(Beginning of Task data)

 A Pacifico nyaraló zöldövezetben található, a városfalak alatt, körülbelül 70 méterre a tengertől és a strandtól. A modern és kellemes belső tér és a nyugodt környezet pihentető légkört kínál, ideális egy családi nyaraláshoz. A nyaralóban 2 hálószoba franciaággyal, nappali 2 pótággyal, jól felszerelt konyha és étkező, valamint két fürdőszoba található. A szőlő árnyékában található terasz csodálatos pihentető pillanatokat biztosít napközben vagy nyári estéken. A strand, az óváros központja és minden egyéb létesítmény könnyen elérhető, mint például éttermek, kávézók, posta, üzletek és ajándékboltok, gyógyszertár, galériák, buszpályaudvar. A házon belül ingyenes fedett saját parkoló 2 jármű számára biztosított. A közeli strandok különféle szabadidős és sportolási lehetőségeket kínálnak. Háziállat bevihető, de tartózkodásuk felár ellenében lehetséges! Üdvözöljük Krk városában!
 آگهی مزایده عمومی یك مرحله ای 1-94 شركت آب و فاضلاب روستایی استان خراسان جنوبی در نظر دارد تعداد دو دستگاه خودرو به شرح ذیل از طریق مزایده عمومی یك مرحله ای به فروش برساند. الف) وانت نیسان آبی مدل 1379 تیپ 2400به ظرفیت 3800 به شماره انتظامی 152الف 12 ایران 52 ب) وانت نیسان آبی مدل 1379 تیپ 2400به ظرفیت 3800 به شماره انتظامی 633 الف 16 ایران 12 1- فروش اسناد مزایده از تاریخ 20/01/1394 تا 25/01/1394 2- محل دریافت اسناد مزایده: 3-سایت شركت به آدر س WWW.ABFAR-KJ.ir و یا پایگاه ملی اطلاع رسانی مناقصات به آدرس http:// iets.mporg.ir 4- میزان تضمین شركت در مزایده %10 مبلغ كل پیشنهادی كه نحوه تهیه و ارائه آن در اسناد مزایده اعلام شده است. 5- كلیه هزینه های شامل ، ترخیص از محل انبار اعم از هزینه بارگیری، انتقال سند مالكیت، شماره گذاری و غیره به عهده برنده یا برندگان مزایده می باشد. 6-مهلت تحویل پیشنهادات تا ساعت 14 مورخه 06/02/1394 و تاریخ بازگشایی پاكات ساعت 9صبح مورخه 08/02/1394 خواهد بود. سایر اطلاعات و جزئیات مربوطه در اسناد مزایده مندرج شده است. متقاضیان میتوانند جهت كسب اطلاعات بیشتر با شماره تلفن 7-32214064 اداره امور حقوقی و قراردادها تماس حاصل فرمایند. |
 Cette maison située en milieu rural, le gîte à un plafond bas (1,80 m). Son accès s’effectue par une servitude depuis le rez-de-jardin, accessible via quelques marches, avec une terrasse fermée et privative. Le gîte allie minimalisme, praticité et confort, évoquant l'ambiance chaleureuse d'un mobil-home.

(End of Task data)
(Beginning of Task data)

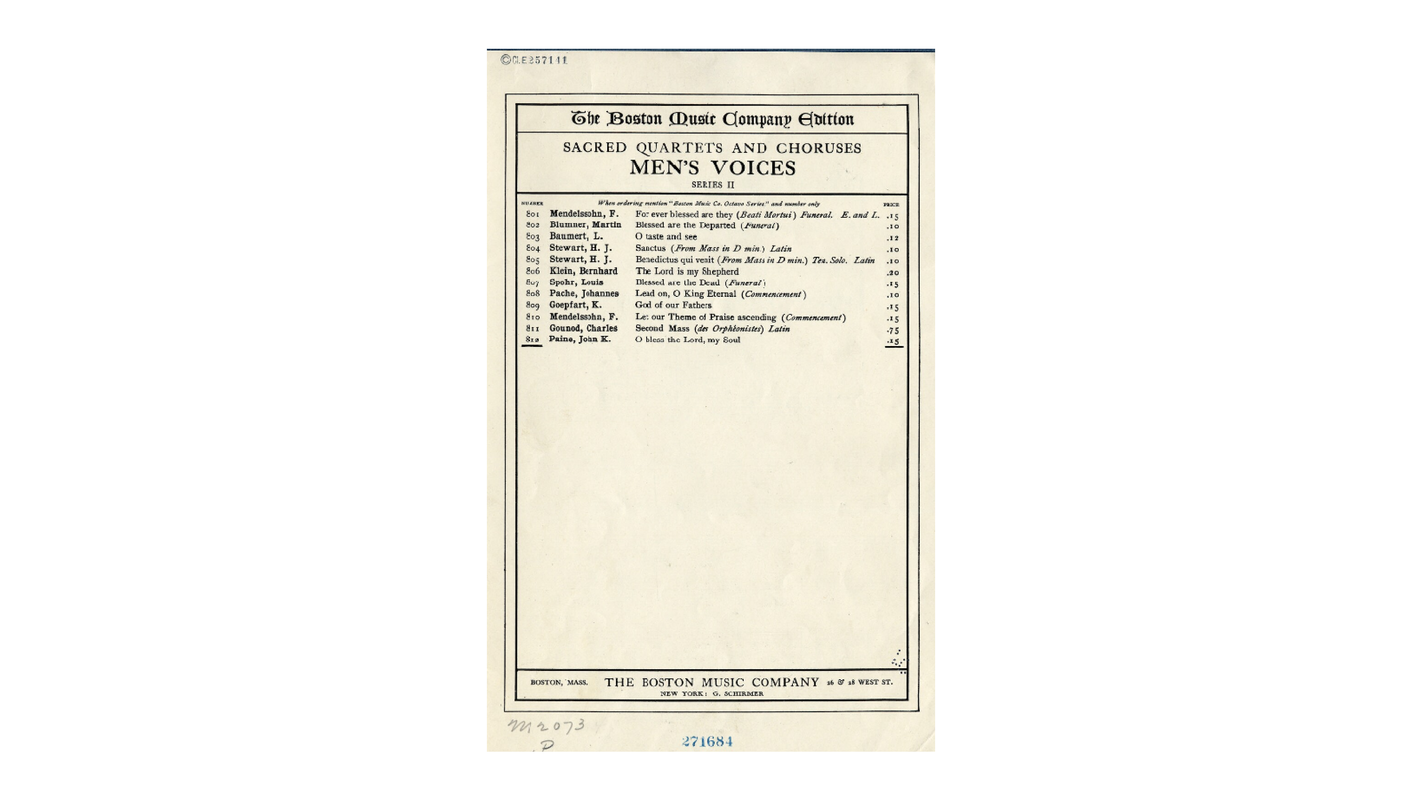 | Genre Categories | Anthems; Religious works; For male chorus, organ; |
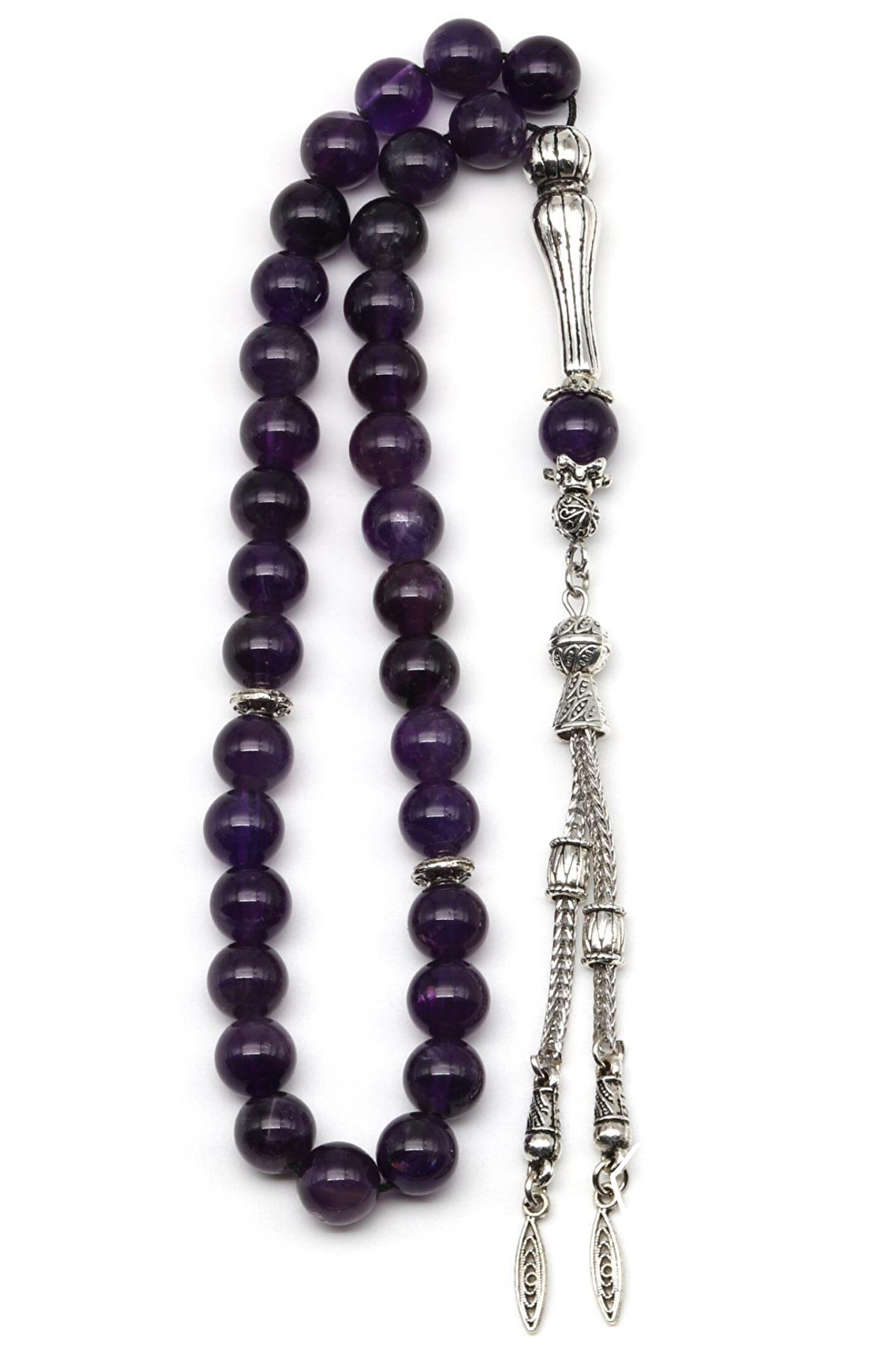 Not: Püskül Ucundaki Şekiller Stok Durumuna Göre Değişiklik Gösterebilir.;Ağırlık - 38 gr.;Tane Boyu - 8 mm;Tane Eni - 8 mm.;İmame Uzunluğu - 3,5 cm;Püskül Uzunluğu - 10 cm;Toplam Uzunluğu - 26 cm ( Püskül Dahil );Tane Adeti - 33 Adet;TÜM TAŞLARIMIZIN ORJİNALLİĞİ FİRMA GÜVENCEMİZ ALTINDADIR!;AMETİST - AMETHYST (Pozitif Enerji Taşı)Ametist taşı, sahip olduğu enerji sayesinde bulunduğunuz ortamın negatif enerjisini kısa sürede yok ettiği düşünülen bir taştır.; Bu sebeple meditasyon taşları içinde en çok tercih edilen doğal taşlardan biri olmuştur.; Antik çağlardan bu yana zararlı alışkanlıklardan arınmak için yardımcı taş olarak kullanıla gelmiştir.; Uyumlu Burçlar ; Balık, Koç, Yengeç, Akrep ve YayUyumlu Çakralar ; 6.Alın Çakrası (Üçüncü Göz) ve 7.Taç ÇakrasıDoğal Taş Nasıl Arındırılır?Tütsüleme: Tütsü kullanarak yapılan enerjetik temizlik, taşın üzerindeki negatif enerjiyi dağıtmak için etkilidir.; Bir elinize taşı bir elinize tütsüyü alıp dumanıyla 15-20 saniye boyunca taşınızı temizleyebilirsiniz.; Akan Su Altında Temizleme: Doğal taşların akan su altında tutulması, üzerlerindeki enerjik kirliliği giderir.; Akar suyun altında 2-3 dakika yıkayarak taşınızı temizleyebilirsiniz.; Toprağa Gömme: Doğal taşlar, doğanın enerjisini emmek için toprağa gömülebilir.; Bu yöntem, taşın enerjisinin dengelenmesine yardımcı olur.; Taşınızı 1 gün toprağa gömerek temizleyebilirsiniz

(End of Task data)

◆ Work order ◆
Starting at the line containing "chorus, organ; |" and stopping at the line containing "Not: Püskül Ucundaki", output each line exactly as it appears above. Leave out the pictures.

◆ Exercise response ◆
 | Genre Categories | Anthems; Religious works; For male chorus, organ; |
 Not: Püskül Ucundaki Şekiller Stok Durumuna Göre Değişiklik Gösterebilir.;Ağırlık - 38 gr.;Tane Boyu - 8 mm;Tane Eni - 8 mm.;İmame Uzunluğu - 3,5 cm;Püskül Uzunluğu - 10 cm;Toplam Uzunluğu - 26 cm ( Püskül Dahil );Tane Adeti - 33 Adet;TÜM TAŞLARIMIZIN ORJİNALLİĞİ FİRMA GÜVENCEMİZ ALTINDADIR!;AMETİST - AMETHYST (Pozitif Enerji Taşı)Ametist taşı, sahip olduğu enerji sayesinde bulunduğunuz ortamın negatif enerjisini kısa sürede yok ettiği düşünülen bir taştır.; Bu sebeple meditasyon taşları içinde en çok tercih edilen doğal taşlardan biri olmuştur.; Antik çağlardan bu yana zararlı alışkanlıklardan arınmak için yardımcı taş olarak kullanıla gelmiştir.; Uyumlu Burçlar ; Balık, Koç, Yengeç, Akrep ve YayUyumlu Çakralar ; 6.Alın Çakrası (Üçüncü Göz) ve 7.Taç ÇakrasıDoğal Taş Nasıl Arındırılır?Tütsüleme: Tütsü kullanarak yapılan enerjetik temizlik, taşın üzerindeki negatif enerjiyi dağıtmak için etkilidir.; Bir elinize taşı bir elinize tütsüyü alıp dumanıyla 15-20 saniye boyunca taşınızı temizleyebilirsiniz.; Akan Su Altında Temizleme: Doğal taşların akan su altında tutulması, üzerlerindeki enerjik kirliliği giderir.; Akar suyun altında 2-3 dakika yıkayarak taşınızı temizleyebilirsiniz.; Toprağa Gömme: Doğal taşlar, doğanın enerjisini emmek için toprağa gömülebilir.; Bu yöntem, taşın enerjisinin dengelenmesine yardımcı olur.; Taşınızı 1 gün toprağa gömerek temizleyebilirsiniz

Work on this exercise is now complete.